With the increased use of large format detector arrays in IR imaging systems, designers are seeing the limitations that array response nonuniformities place on overall system design, performance, and cost. In many designs where high sensitivities are required and temporal noise has been reduced with the use of high quantum efficiency detectors, response nonuniformity across the array begins to limit the overall system performance. In addition, changes in the pixel response or offset that occur after nonuniformity corrections show up as new nonuniformities that also limit system performance. Because the array response is not adequately stable over time, system designers must include updatable nonuniformity corrections (recorrections) in the hardware or algorithms in the software to remove nonuniformities.
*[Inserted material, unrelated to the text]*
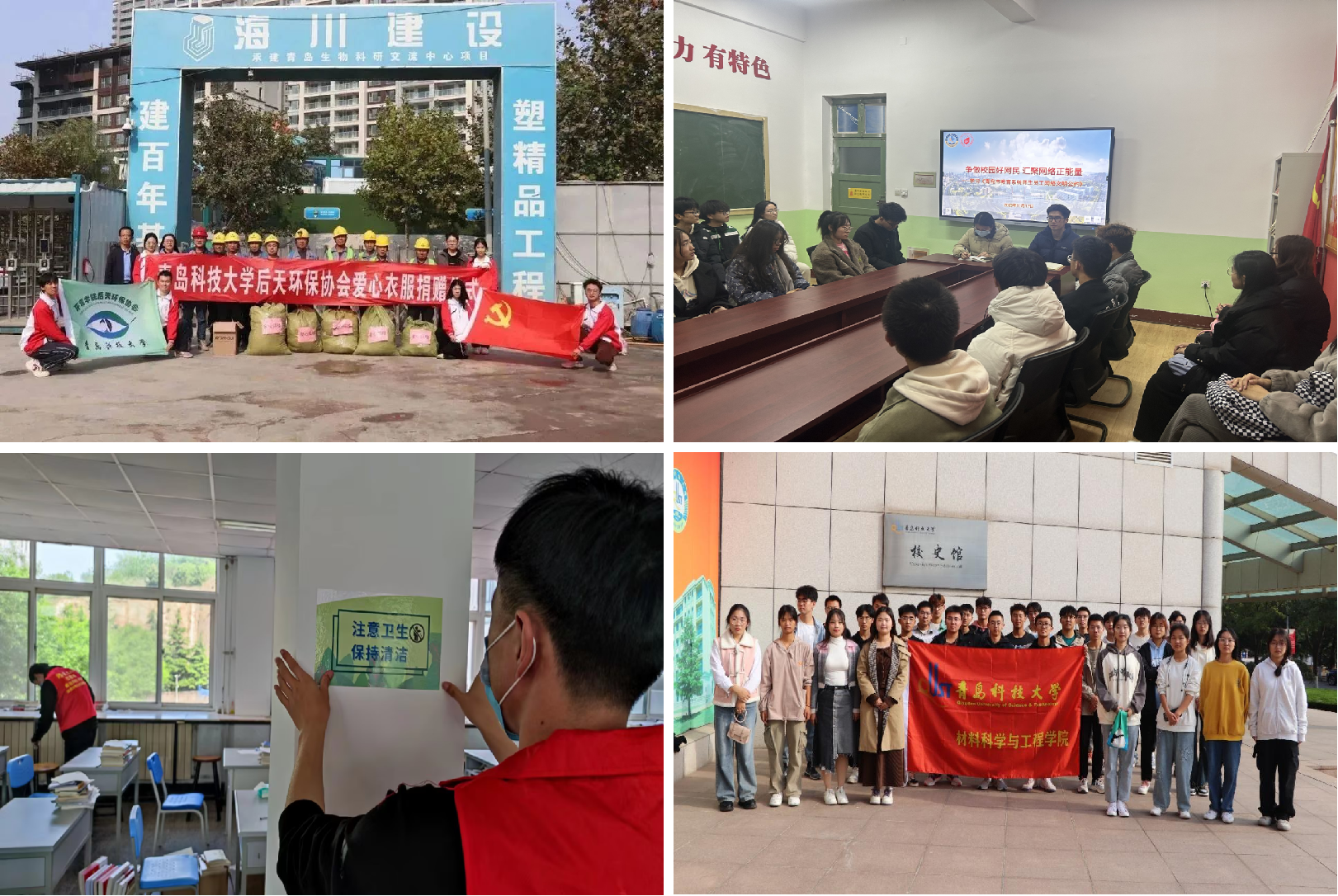 环境学院组织“环保人人有责,共建美丽青科”实践活动,联合其他驻青高校开展军训服公益捐助活动,让数千名一线建筑工人和社会大众受益,引导学子提升社会责任意识。材料学院组织开展“明德端学知荣辱,争做最美材料人”网络文明发声活动,增强学生合理用网意识和辨别是非、抵御网络谣言的能力,设立校园文明志愿者实践站,鼓励学生大力践行“奉献、友爱、互助、进步”的志愿精神。中德工程学院组织开展“学史立志,爱校荣校”主题知识竞赛和“青科印象”摄影大赛,聚焦建校73年来的发展大事记,展现青科大厚重历史底蕴和校园美丽风景,引导学生争做校园“守护者”。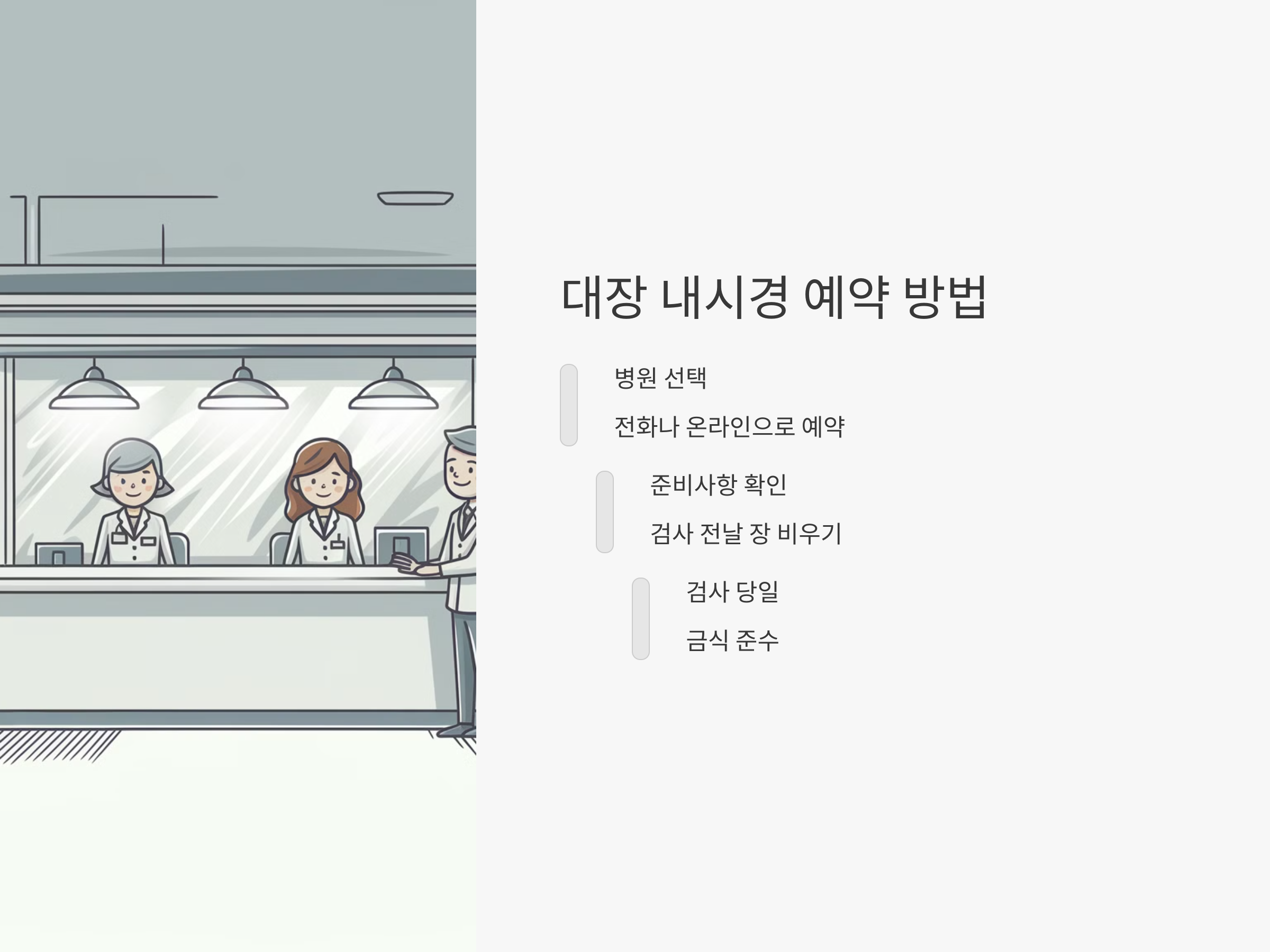 - 검사 전 준비사항을 미리 확인하고 준비합니다. 보통 검사 전날 저녁에 장을 비우기 위한 약물을 복용해야 합니다.

We have measured the stability of InSb 2D focal plane arrays including measurements of the residual spatial nonuniformities over time and with temperature cycling. 2D focal plane arrays with stability that allows a one time correction to be used over several days have been measured. To help understand the source of this stability, the sensitivity of the spatial nonuniformity to small changes in the array temperature, detector leakage current, and detector bias was measured. These results are presented here.

Paper Details

Date Published: 15 July 1994
PDF: 9 pages
Proc. SPIE 2225, Infrared Detectors and Focal Plane Arrays III, (15 July 1994); doi: 10.1117/12.179695
Show Author Affiliations
Mark E. Greiner, Cincinnati Electronics Corp. (United States)
Robert L. Smith, Cincinnati Electronics Corp. (United States)
Harold Al Timlin, Cincinnati Electronics Corp. (United States)


Published in SPIE Proceedings Vol. 2225:
Infrared Detectors and Focal Plane Arrays III
Eustace L. Dereniak; Robert E. Sampson, Editor(s)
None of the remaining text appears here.